Which data types are mutable and which aren't depends on the programming language - some are designed with different choices in mind. Sometimes we need things that change, for example a file that edit, changing it from the old to the new version. But if some information is shared by several different programs, if one program changes it then the other may not learn of the change, and things can get complicated. To avoid the complications, some data types are not changeable - they are "immutable".

On the other hand, strings in python are "immutable". You can make a new string, but you can't modify one.

>>> word = 'cat'
>>> new_word = word.upper()   # produce a new, upper case word
>>> print(word)     # unchanged by .upper()
'cat'
>>> print(new_word)
'CAT'

So for lists, the .append() method modifies that list "in place".

But for strings, the .upper() method produces ("returns") a new string, leaving the original one as it was.

Some programming languages have syntax which makes the difference between these clear. Python is not one of those - you just have know which is which (as described in the documentation)

tuples

Python does have an immutable sequence type ... it's called the "tuple".

>>> a = (1,2,3)
>>> type(a)
<class 'tuple'>
>>> b = [100, 200, 300]
>>> type(b)
<class 'list]>

Tuples and lists are very similar ... except that one can be changed, and one can't.

To access the interior parts of a tuple, you still use [], just like strings and lists.

>>> print(a[0])   # 0'th element of the tuple
1
>>> print(b[0))   # 0'th element of the list
100

The difference is that you can change what's in the list, for example with an assignment statement. But trying to do that with a tuple gives an error.

>>> b[0] = 7   # change the 0'th element of the list named b
>>> print(b)   # show it
[7, 200, 300]
>>> a[0] = 7   # try to change the 0'th element of a tuple
Traceback (most recent call last):
  File "<stdin>", line 1, in <module>
TypeError: 'tuple' object does not support item assignment

iterators

Another source of confusion is that python has data types that sometimes act like lists but aren't really. An example is the range() that we've been using to loop over things.

Looping over [0,1,2] and range(3) does the same thing:

>>> for i in [0,1,2]:
...     print(i)
0
1
2
>>> for i in range(3):
...     print(i)
0
1
2

But if we use type() to see what the data types are we get

>>> type([1,2,3])
   >>> type([1,2,3])
<class 'list'>
>>> type(range(10))
<class 'range'>

And trying to look at range(3) isn't very helpful.

>>> print(range(3))
range(3)

The reason for this complexity is that range() is often used for looping, and for a big loop like range(1000000) it isn't efficient to create all the numbers from 0 to a million and store them (which is what a list would have) before running the loop. Instead, for i in range(1000000) just sets i to each number in turn, without using a lot memory.

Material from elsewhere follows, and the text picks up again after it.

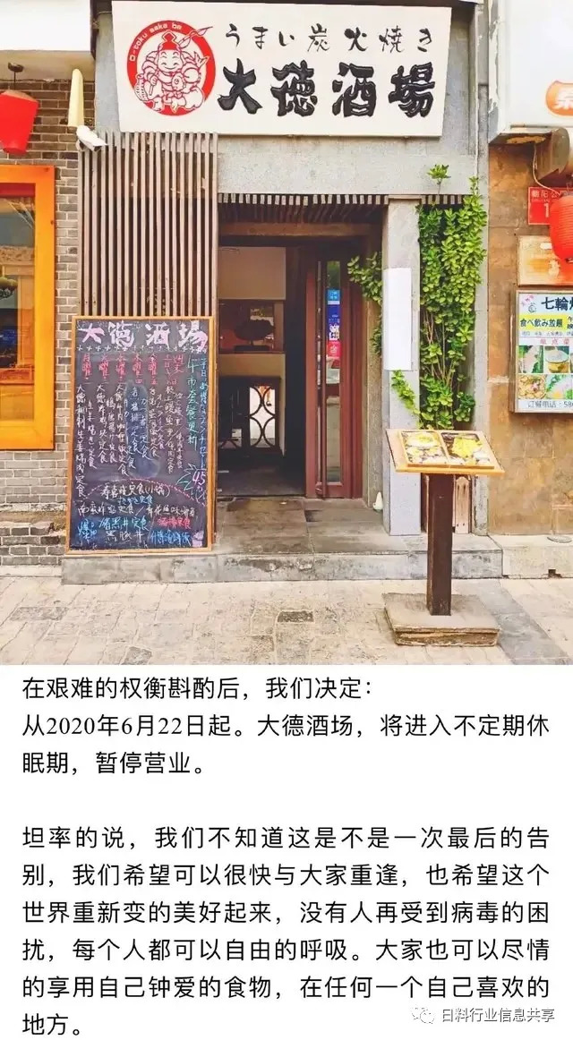 大德在北京算是比较有名的一家店,6月22日朋友圈看到大德酒场的休业通知,昨天是他们最后一天营业,上周新发地新闻出来之后,北京日料店基本全员歇业。
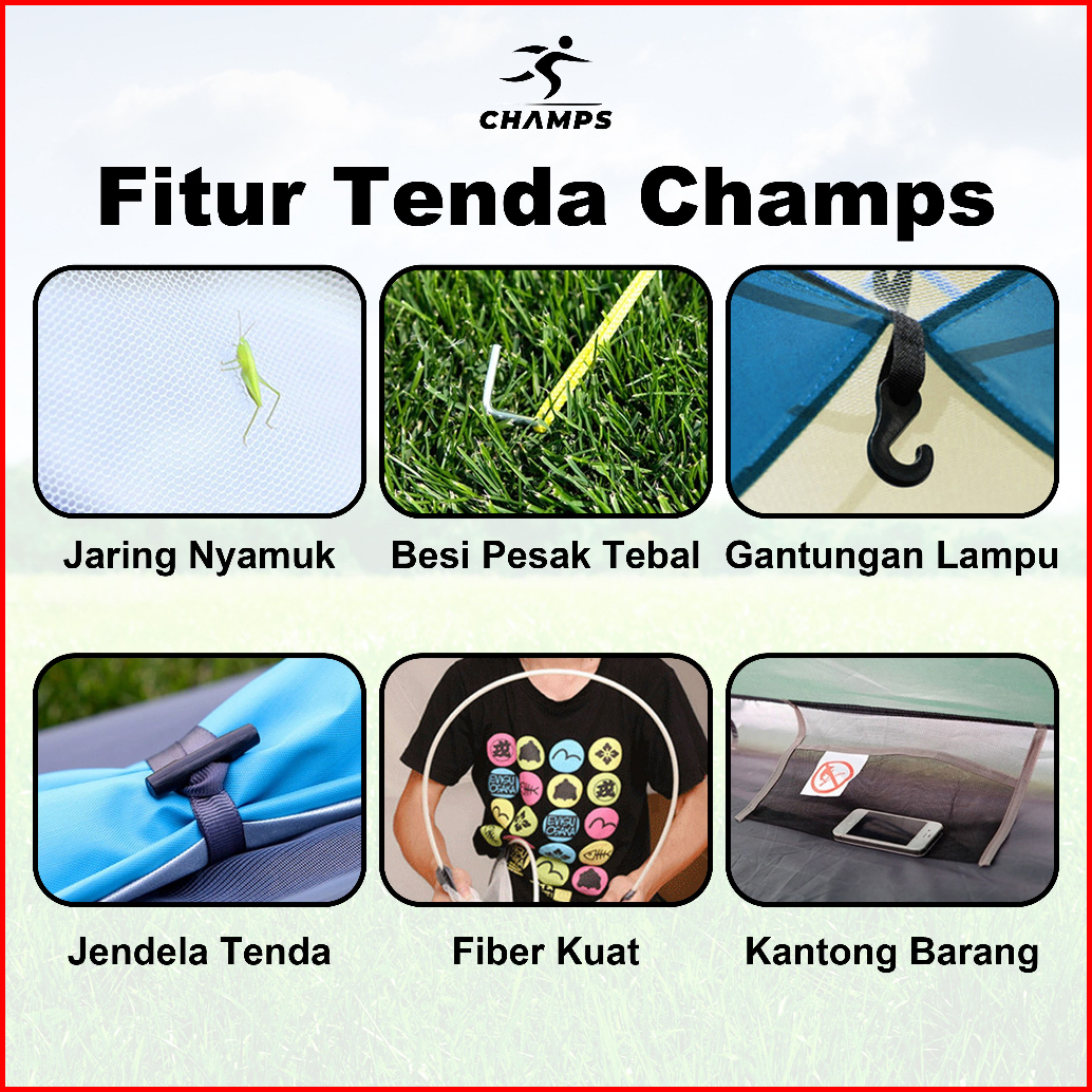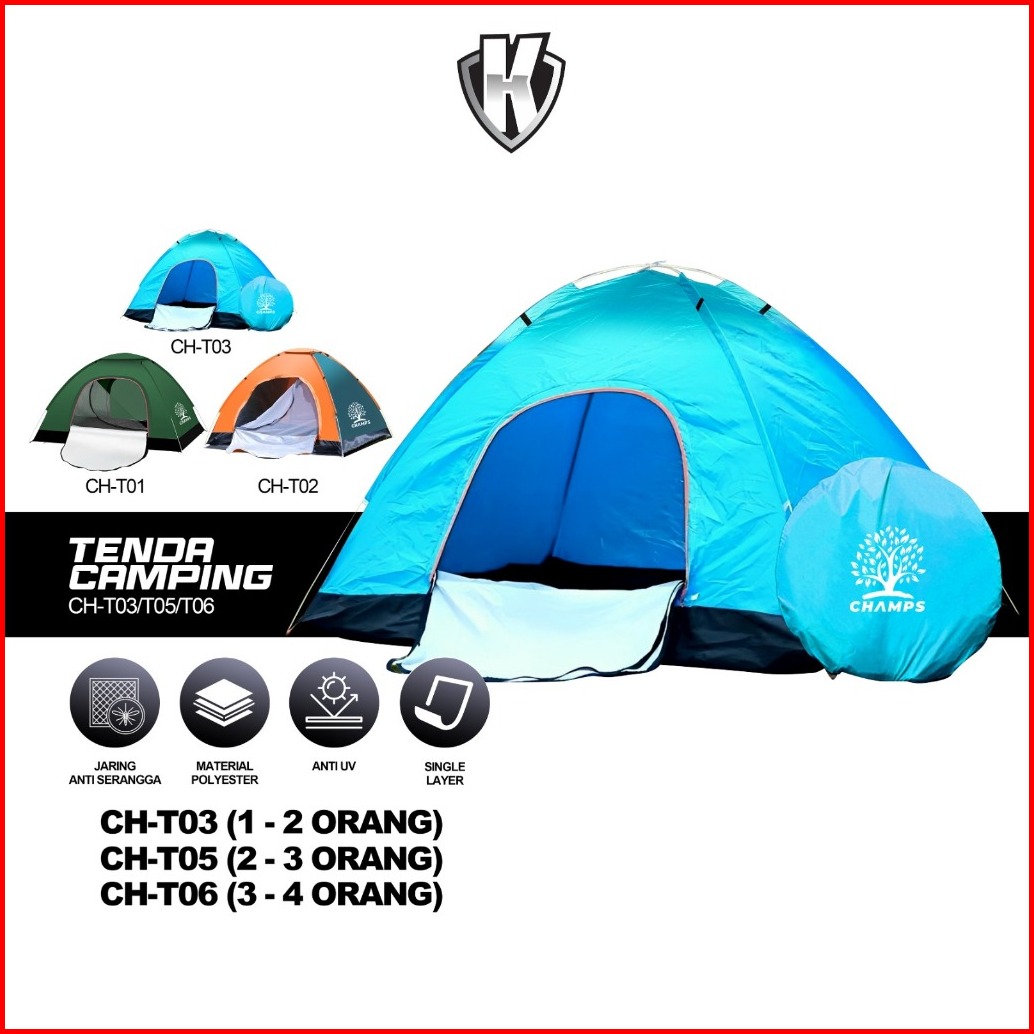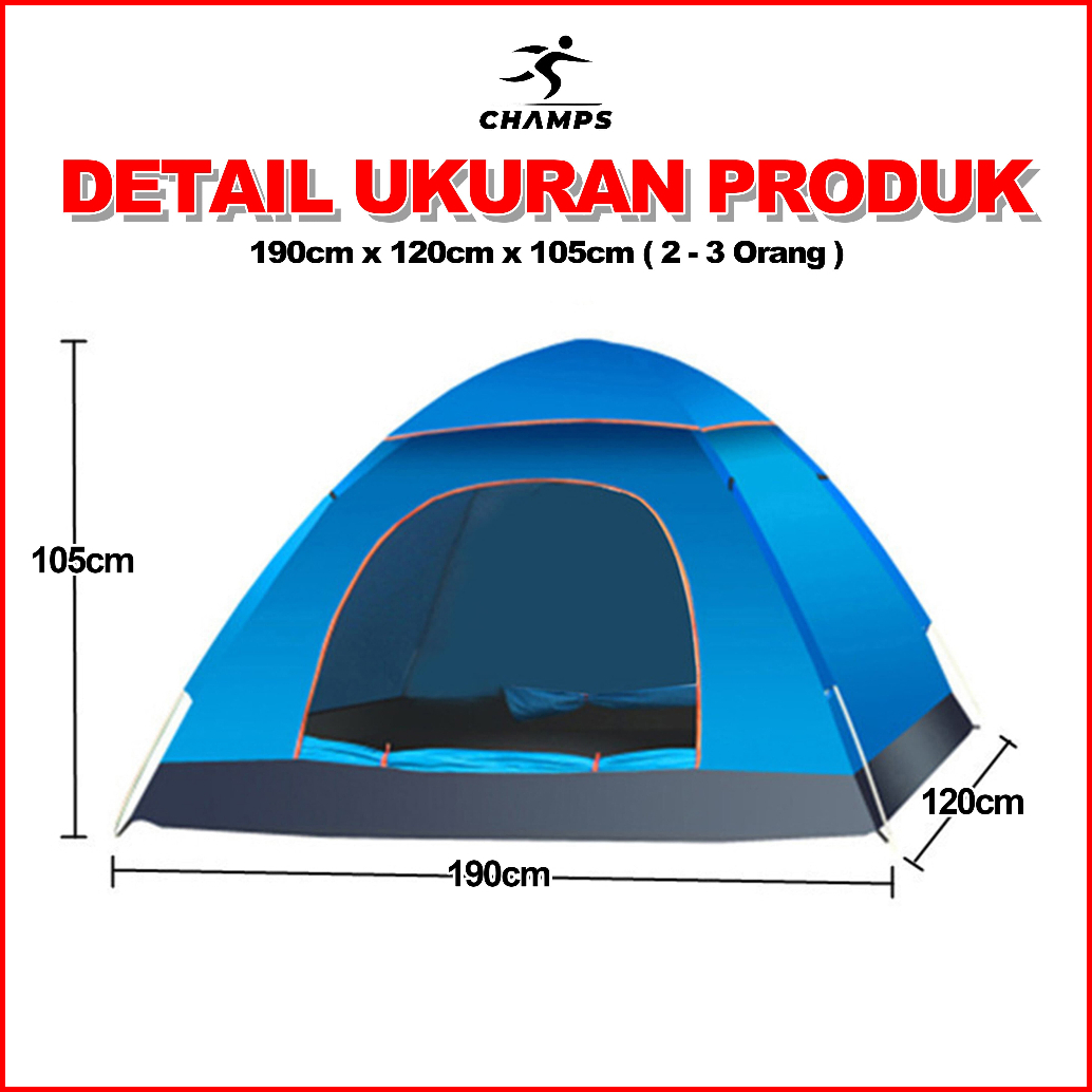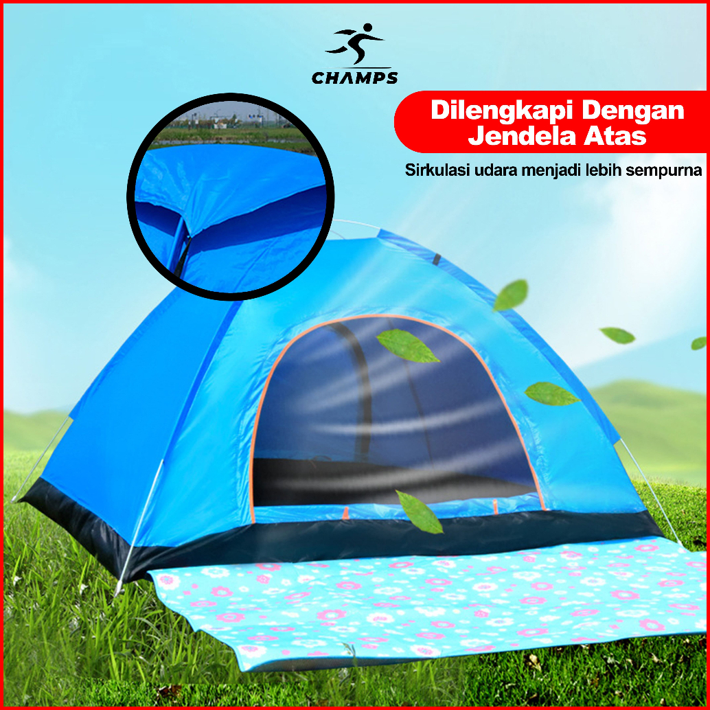 Champs Tenda Camping Otomatis 4-6 Orang Tenda Dome Biru Outdoor Indoor Gunung

In other words, range() only produces those numbers when it needs to. This sort of computing approach is called "lazy", and it can be a powerful idea. But sometimes it just makes life more complicated.

If you really do want a list, you can convert an iterator like range with the list() function.

>>> list(range(10))
[0, 1, 2, 3, 4, 5, 6, 7, 8, 9]

For one more example, consider the reversed built-in function which creates a new object from a list, with the elements in the other order.

>>> numbers = [10, 20, 30, 40]
>>> other_way = reversed(numbers)
>>> print(other_way)
<list_reverseiterator object at 0x7fd788132940>

I expected [40, 30, 20, 10] ... but what we got was a "lazy" object which hasn't yet actually done anything. We could loop over it, or convert it to a list. But expecting it actually be a list can lead to errors.

>>> print(other_way[2])
Traceback (most recent call last):
  File "<stdin>", line 1, in <module>
TypeError: 'list_reverseiterator' object is not subscriptable

Note that there is one other way to reverse a list.

>>> numbers.reverse()
>>> print(numbers)
[40, 30, 20, 10]

Th .reverse() method is one of those that acts "in place", modifying numbers itself. It does not give anything back.